He heard the water begin to run, followed quickly by the distinctive hiss of the shower being cut on and, after a pause that he imagined was due to a rather tentative entry into the enclosure, the interruption in the sound when her body displaced the droplets as they streamed inexorably from showerhead to basin. His foot nudged forward, realizing far faster than his mind that he could relieve himself of his burden and still avoid seeing her if he entered quickly and quietly enough. His hand fell to the knob, turning it slowly, carefully, easing the door forward until he had created a small slit between door and frame, small enough to allow him to verify that she was, indeed, shielded from view. Now certain that he could avoid her, he edged the door further open.

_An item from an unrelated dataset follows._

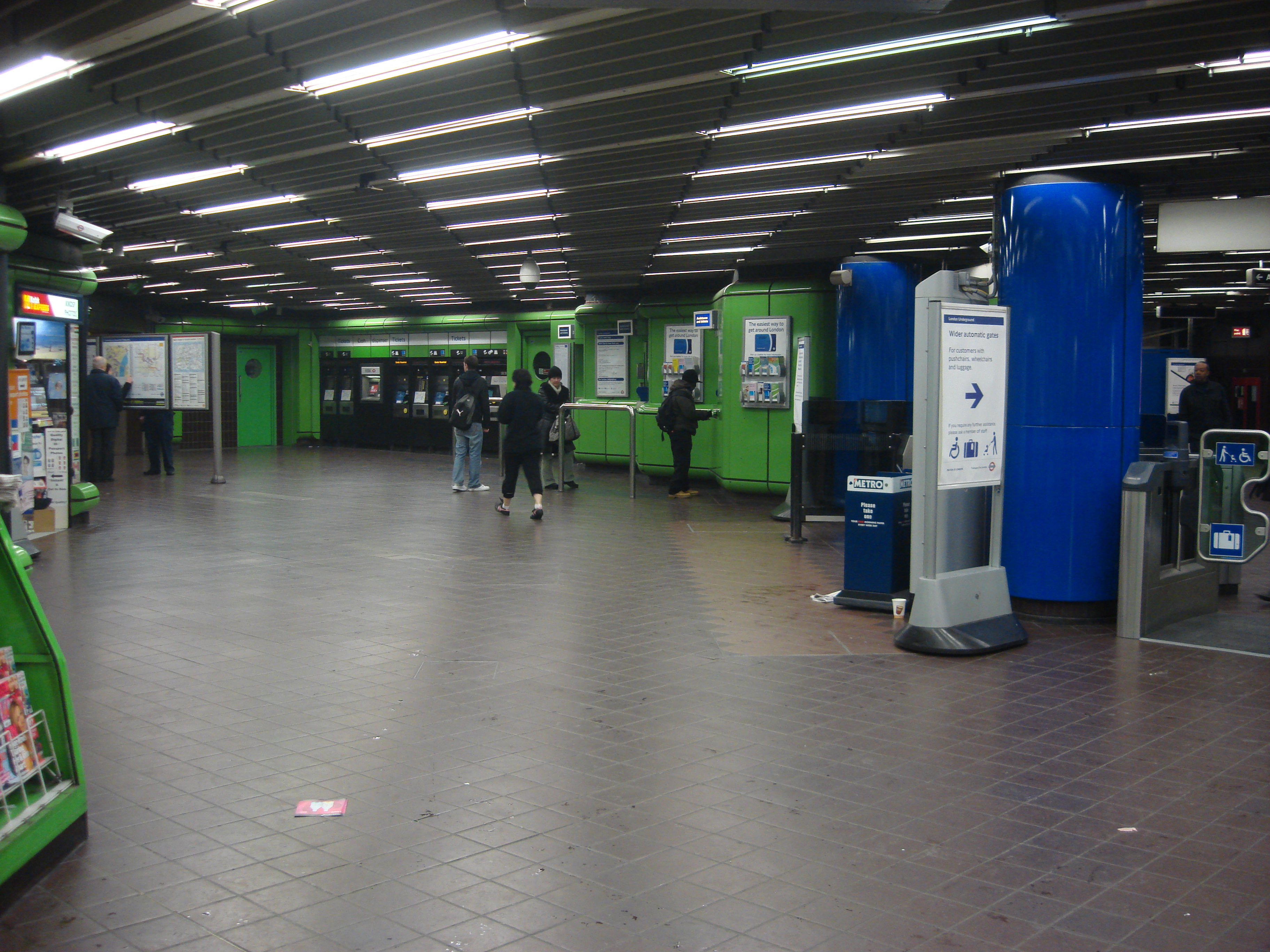 Charing Cross tube station, ticket office
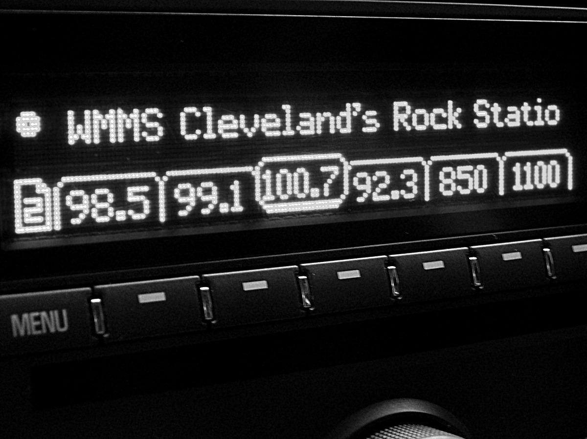 FM radio broadcast of WMMS/Cleveland -- Radio Data System (RDS) text displayed on car radio

His right side was firmly ensconced in the doorframe when he heard the first shattering of ceramic; where the first had stunned him into resuming his stillness, the second harsh chorus of tile raining onto the porcelain of the tub sent him into overdrive. He was fully inside the room within seconds, heart pounding as he tried, rather ineffectively, to lay his burdens neatly on the rim of the sink. Mocking himself silently for his priggishness in such a moment, he simply pushed the items forward, watching them slide into the sink almost in time with the scream that ripped from Faith’s throat and the blows she rained anew on the shower enclosure.
Wesley recognized that scream, the rage and frustration implicit in the sound. How many nights had he vented the same impotent fury as he wandered, bereft, in the wake of his dismissal from the Watcher’s Council; as he struggled for a solution to the false prophecy; as he felt so acutely the loss of his friends and the ache of their hatred in the wake of his abduction of Connor; as he struggled to make a place for himself amongst them yet again. The recognition, the fellow-feeling, bound him to her, obliged him to help, and he propelled his feet towards the curtain, all regard and concern for propriety or guilt or regret or artifice gone.

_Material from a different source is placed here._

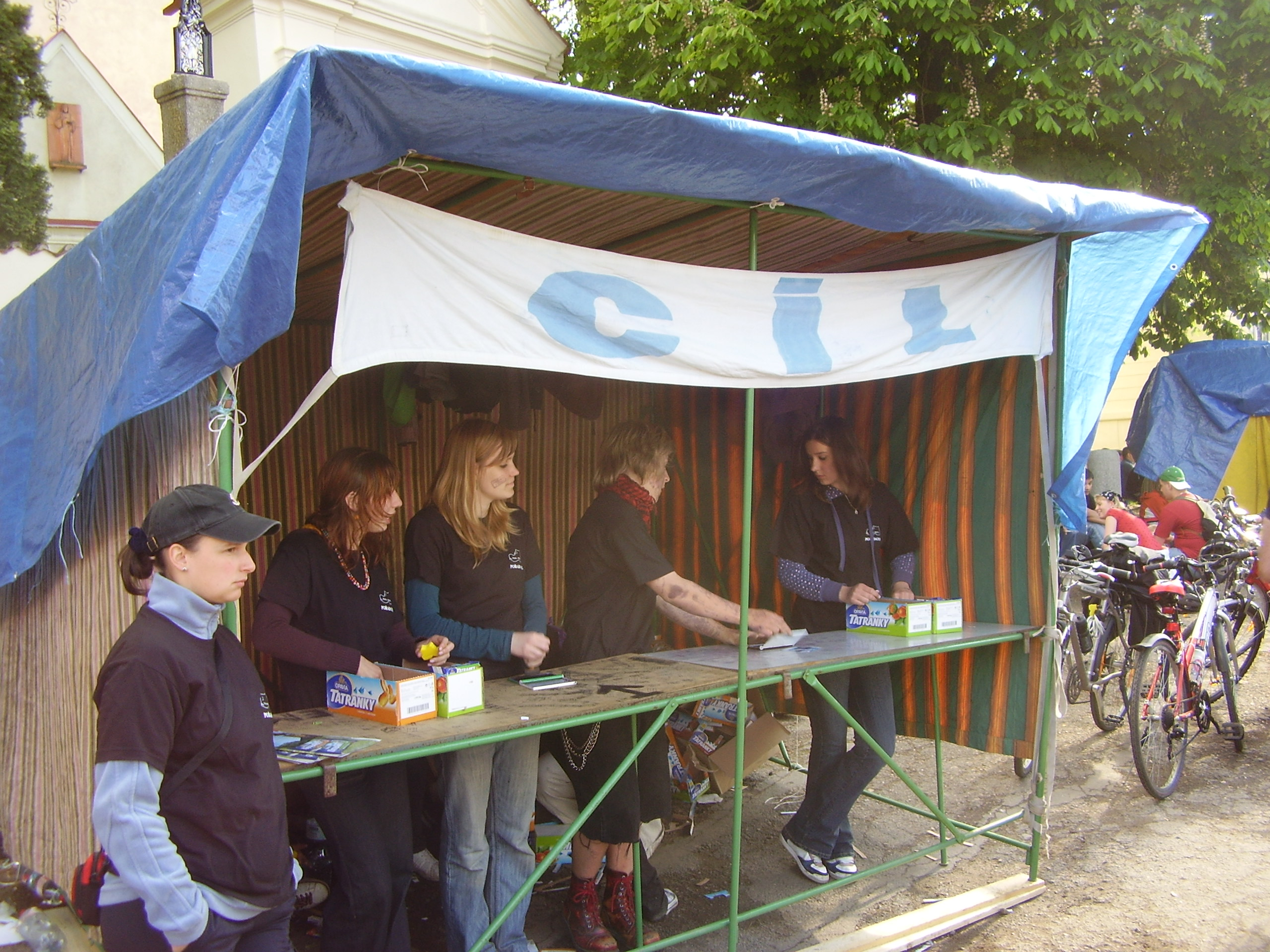 Finish of Pochod Praha – Prčice at Prčice square

It was decidedly strange, he thought abstractly, that what caught his attention wasn’t the damage to the wall, wasn’t the pile of shattered ceramic in the bathtub, wasn’t even the attractive and very naked young woman in the shower; rather, his eyes caught and held to the contrast of the blood against Faith’s skin, the sluggish trail of crimson slowly becoming pink and near-invisible as it diluted and rushed towards the drain. “Christ, Faith,” he murmured, not even aware he’d voiced the words, stunned at the extent of the damage. It was worse than he’d believed—nearly worse than he could imagine—and he felt, not for the first time and certainly not for the last, that he’d failed this girl too often, too severely. For a single, horrific moment, he could see every wrong she’d suffered, at his hands and numerous others, writ large on her flesh, and the recognition was overwhelming.

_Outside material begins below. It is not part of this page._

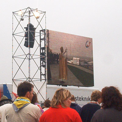 Pilgrims watch Pope Benedict XVI on big screens as he says mass.
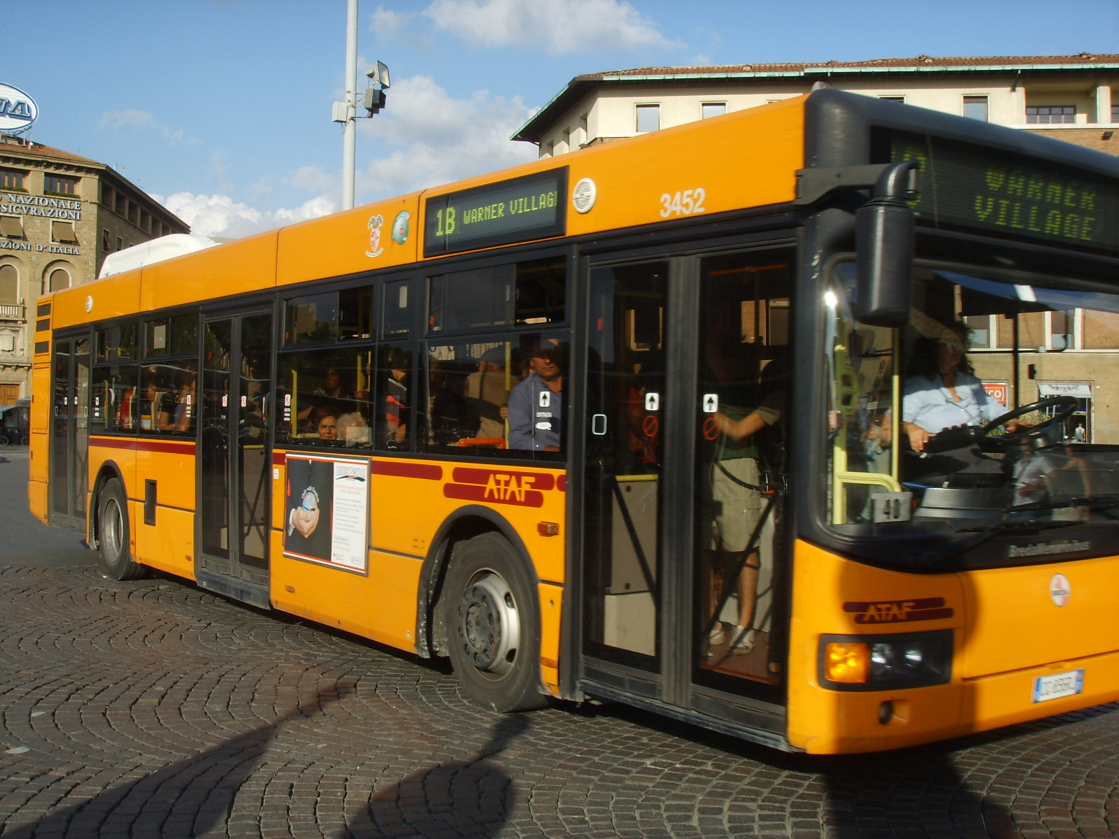 BredaMenarinibus M240LU in Florence, Italy. Year built 2003.

Widened eyes met his when he finally tore his gaze from her wounds and focused on her face; she didn’t, however, seemed shocked by his presence, and he wasn’t entirely certain that she knew he was there at all. Her eyes were simply lost, unfocused, some strange mixture of horror and fear and frenzy filling their depths. He was more than transfixed by the abyss they represented, having seen that look before in her unguarded moments as she’d tortured him. She was moorless, perhaps as much now as she had been then, and he was left to wonder yet again what had happened while they’d been separated in the warehouse to take her from confidence to such utter devastation.
Her hands were on him, tugging him towards her before he’d even registered her movement, and he automatically stepped over the edge and into the shower. It was the sharp sting of the water, a brutal, scalding rain, that snapped him from the spell under which her eyes held him. Realizing where he was, he moved to take a step back, bringing his hands up to hers where they were fisted in the collar of his shirt.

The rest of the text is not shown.